Видя, как лихо приходится Гришину, говорю ему: «Пропадешь ты тут...»– «Ты что, мне панихиду поешь?»– Сергей уставился на меня. «При чем тут разные поповские слова? Я даже муллы не боялся... Жрать людям нечего. Скоро всех лошадей съедите! И не только раненых, пушки не на чем будет везти. Подумай!»– «Ишь ты, какой стратег нашелся! А ну-ка, Александр Султанович, скажи мне, что у тебя на уме?»– «Уходить надо отсюда, Сергей Владимирович».– «Куда? В мой Краснинский район?»

Сергей сразу двух генералов за нос водил. А потом побил и ушел восвояси. У них регулярные войска, танки, самолеты, а у Гришина было семьдесят подвод с ранеными. Так это ж Гришин!

Александр Бикбаев выдохнул слова с присвистом. Загорелое бронзовое лицо его казалось мне мужественным; рассказ его был горячим, искренним, и мысли свои он излагал просто, с чуть грубоватой интонацией в голосе. Выглядел командир отряда куда старше своих лет.

– Значит, позвал я Гришина сюда к нам. А он спрашивает: «У тебя что там, молочные реки текут в кисельных берегах?»– «Киселя нет,– отвечаю,– зато полицейских и мелких гитлеровских гарнизонов хватает... Район почти не потревоженный фрицами, вот главное. Хоть людей мало-мальски оденешь. Ведь ужас в чем ходят! Изношенные ватники, на которые глядеть-то дыг тошно».– «А что, в твоем районе фабрики есть обувные, текстильные?»– хохочет Гришин. «Ты, может, немцев боишься?»– подковырнул я его. «Именно хочу быть там, где их больше – лупить есть кого...»

Перебросились словами и разошлись. Выбрал случай, снова намекнул ему. Он, видимо, уже все хорошенько обдумал, говорит: «Погоди, Саша. Тут такое дело...»– «Какое?»– «Тут у меня эта нечистая сила... Двух власовских офицеров приказано отправить за линию фронта, на Большую землю. И жену с ними посылаю».– «Жену?»– «Ничего, она у меня ловкая. В Центральный Комитет комсомола ее вызывают. Да и, понимаешь, ребенка ждет».

Вера Петровна потом написала, как она, одна-единственная женщина, шла среди такого количества мужиков. Март месяц. Холод, грязь, вши. Мужики-то разденутся около костра и стряхивают паразитов в огонь. А ей, бабе-то, ловко ли? Уйдет в кустики, снимет там одежку, потрясет, погоняет... Смешно? А у самой под сердцем мальчишка ногами воюет... Пришла вся насквозь прокопченная дымом костров. Так-то вот!

А вскоре позвал меня Гришин и сказал: «Ладно, пойдем в твой район кисели краснинские хлебать...»
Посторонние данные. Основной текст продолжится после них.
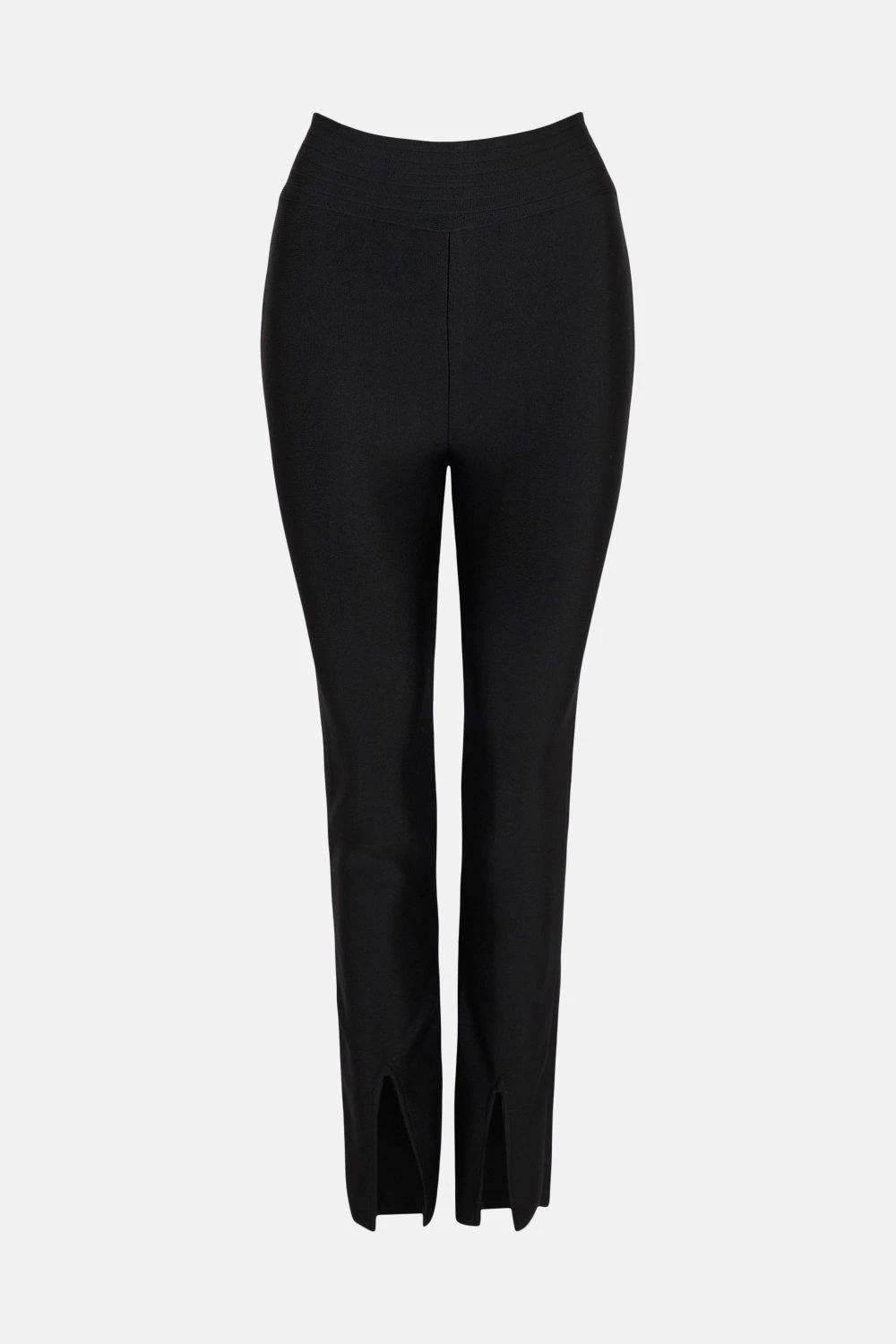 Composed of a sculpting bandage knit, the split hem trousers are crafted with timeless reverence. Appearing with a high-rise silhouette, they land at vented hems – calling to be paired with soaring stilettos for a polished finish.
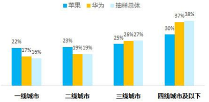各線城市蘋果、華為用戶占比
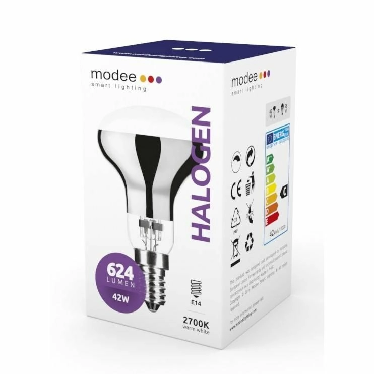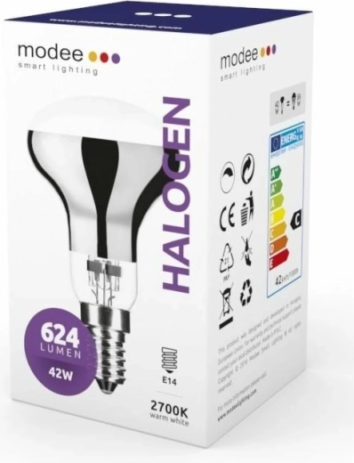 Lampadina alogena R50 a risparmio energetico con attacco E14 e potenza di 42 W, offre piena luminosità istantanea, flusso luminoso dimmerabile 624 lm e luce bianco caldo 2700 K. Grazie al ampio angolo di emissione di 120° illumina perfettamente l’ambiente e la costruzione speciale con riflessione IR aumenta l’efficienza. Classe energetica C, durata fino a 2000 h.
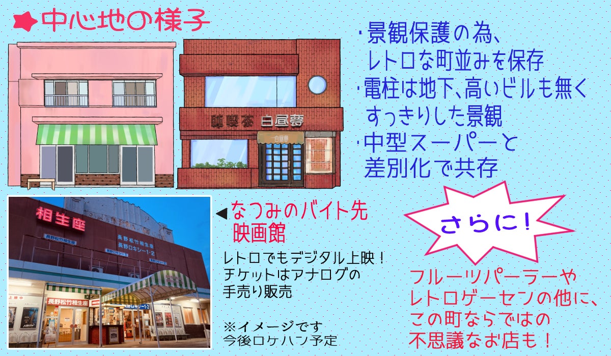 ■町唯一の映画館 なつみのアルバイト先ですが、私自身がレトロな映画館での勤務経験があり、今まであまり描かれ無かった、詳細な映画館の勤務描写が出来ると思います!
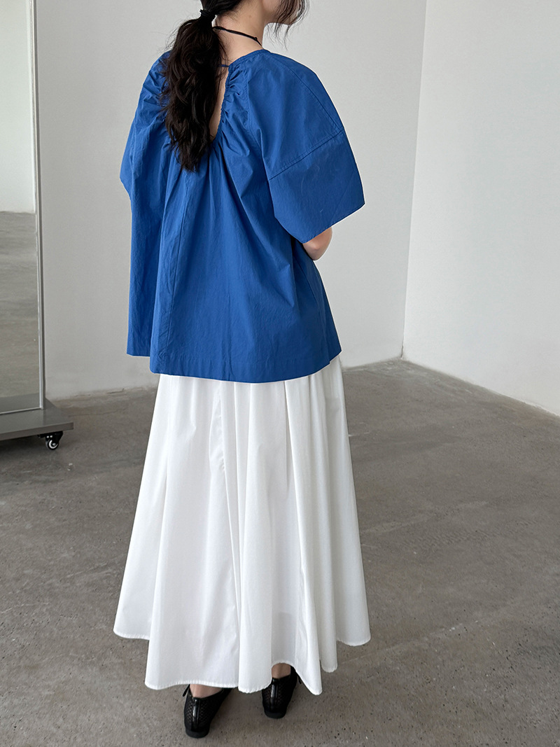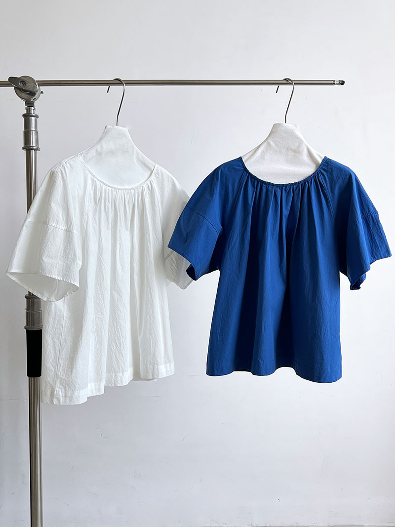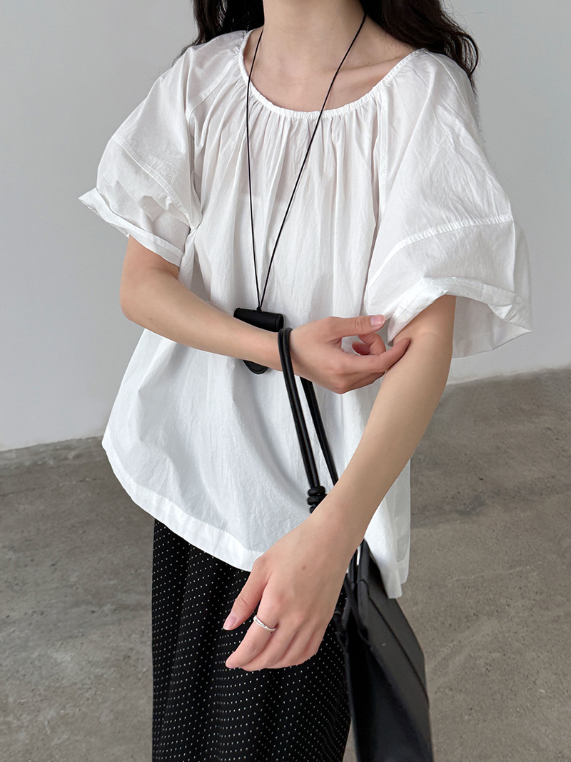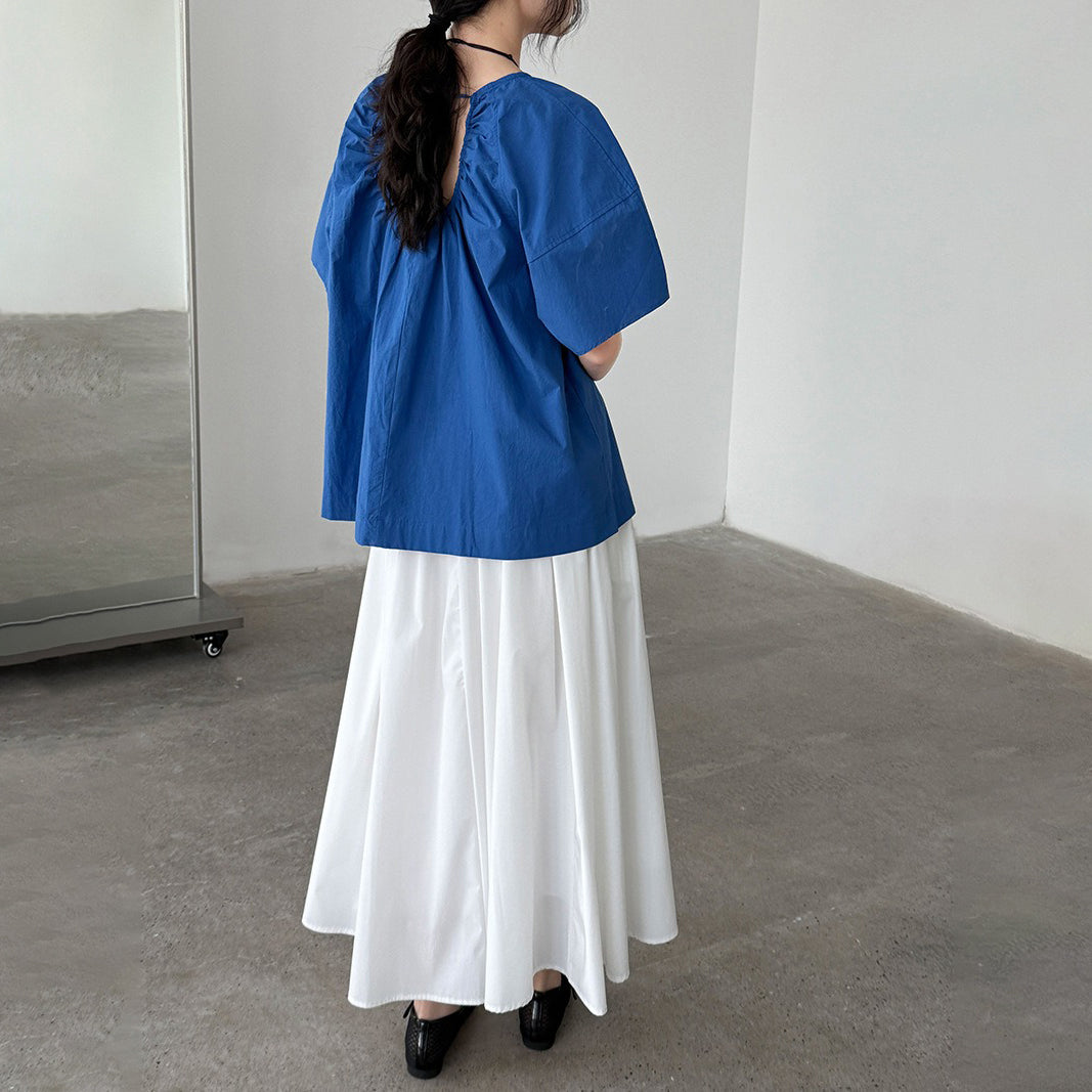 【トップス】韓国風 夏新作 ギャザー×バックオープン デザイン感ラウンドネック半袖ブラウス【SNシリーズ】

Когда двинулись в путь, хлебнули всякого... Ночью стали переходить шоссейку Демидов – Рудня, а тут четырнадцать автомашин с солдатами противника, прямо на нашу колонну так и наехали. Пришлось развернуться, огня дать. И надо же было случиться такой хреновине: лежим рядом с адъютантом Николаем Чаловым, бьем почти в упор, а граната, брошенная немцем, возьми да и разорвись рядом. Взрыв повредил Николаю позвоночник, а мне перепонку левого уха попортил и глаз так запорошил, что две недели потом ни смотреть как следует, ни стрелять не мог.

Приходит Сергей Гришин и говорит: «Ты хоть, Саша, и окосел маленько, но все равно придется тебе вести полк, потому что местность хорошо знакома».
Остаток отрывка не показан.